Bach: E- major partita: did we all get the bariolage wrong!?
2 sound images:
1st: federal competition in former Yugoslavia when just one player played the bariolage "as written", to the utter dismay of judges and other competitors
2nd: Ana Vidovic, guitar.... again as written, not as convenient, since there is no awkward string crossing. here is the link
Tap the rhythm and listen to your favourite recordings.... in my case Mullova (both recordings), Hahn & Podger.
All of them group the 2nd note of the beginning (bariolage) with 3 consecutive notes, and then the very last note is out of rhythm ever slightly, only to catch-up with the next group of 4. Both bariolages are out of rhytm and wrong notes are highlighted.
Am I losing my mind or majority of violin players took a short-cut and ignored the ink on paper?
Are you saying the first note of each beat in that section should be accented?
no. I am saying that, if grouping starts with the 2nd note, one can not possibly play all notes in rhythm.
That's the idea.
Jaap Schroder "Bach Solo Violin Works", page 168-169. writes about this.
Do you mean bariolage on 3 strings or 2? Can you either give bar# or a time on the guitar clip?
I don't really understand what you are talking about. Listening to Hahn, Pearlman, Kremer and Menuhin on youtube I don't hear anybody grouping the 16th in one-beat groups, let alone stressing the second note (which would be the open-E/A pedal point).
I think the beauty is that we'll never know for sure.

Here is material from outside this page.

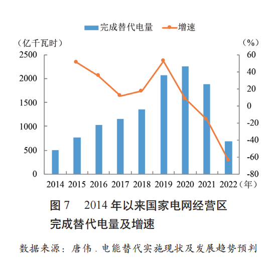電能替代是提高全社會(huì)電氣化水平、改善居民生活質(zhì)量、提升社會(huì)生產(chǎn)效率、緩解能源碳排放的重要途徑。據(jù)測(cè)算[10] ,電能在終端能源消費(fèi)中的占比每提高1個(gè)百分點(diǎn),我國(guó)單位GDP能耗就可下降2個(gè)百分點(diǎn)~4個(gè)百分點(diǎn)。自電能替代工作全面啟動(dòng)以來(lái),電鍋爐、港口岸電、電動(dòng)汽車等電能替代技術(shù)不斷發(fā)展成熟并推廣應(yīng)用,國(guó)家發(fā)展和改革委員會(huì)、國(guó)家能源局、生態(tài)環(huán)境部等部門先后出臺(tái)多項(xiàng)政策為電能替代提供有序指引,我國(guó)電能占終端能源消費(fèi)比重穩(wěn)步增長(zhǎng),2012年電能占終端能源消費(fèi)比重為19.3%,2023年這一比例上升至28%,累計(jì)提高近9個(gè)百分點(diǎn)。但近年來(lái)我國(guó)電能替代增速開始放緩,從國(guó)家電網(wǎng)經(jīng)營(yíng)區(qū)替代電量變化來(lái)看[11] (見(jiàn)圖7),2014至2020年,實(shí)施替代電量由503億千瓦時(shí)迅速增加至2252億千瓦時(shí),年均增速達(dá)28.38%,隨后一路下降,2022年完成替代電量?jī)H為684億千瓦時(shí),年均增速-81.45%。技術(shù)和經(jīng)濟(jì)是制約再電氣化縱深推進(jìn)的兩個(gè)主要因素。技術(shù)方面,一是風(fēng)電、光伏等發(fā)電的波動(dòng)性和不穩(wěn)定性,以及儲(chǔ)能技術(shù)的成本和效率問(wèn)題等,導(dǎo)致電源側(cè)電能供應(yīng)清潔化水平不足[12] 。增容技術(shù)尚未完全成熟,電網(wǎng)擴(kuò)容難度較大,導(dǎo)致電網(wǎng)側(cè)應(yīng)對(duì)用電負(fù)荷快速增長(zhǎng)面臨較大壓力。二是電能替代的各項(xiàng)技術(shù)或設(shè)備的技術(shù)經(jīng)濟(jì)性仍然偏低,導(dǎo)致用戶側(cè)電能替代意愿不夠積極。此外,產(chǎn)品標(biāo)準(zhǔn)的缺失也使得產(chǎn)品和服務(wù)質(zhì)量難以得到有效保障。

bars 17-29 and 67-79. My point is that, if a player starts with, or highlights the base line (on g string - 1st bariolage, or d string, 2nd bariolage), rhythm is affected. If the melodic line on INNER string is plated at least as equal, or a bit highlighted, rhythm is preserved.
I think you guys are WAY overthinking it....
This whole discussion makes no sense to me.
"They all tend to rush (deliberately or not?) on the way to the end of the passage.."
Whatever you call it, I didn't like it in any of the cases. I hear this downward sequence as a diminuendo, a relaxation, setting the stage for a nice piano to start the next section which is rising and almost unavoidably crescendo--and does have some melody.
One: Try with a gut E!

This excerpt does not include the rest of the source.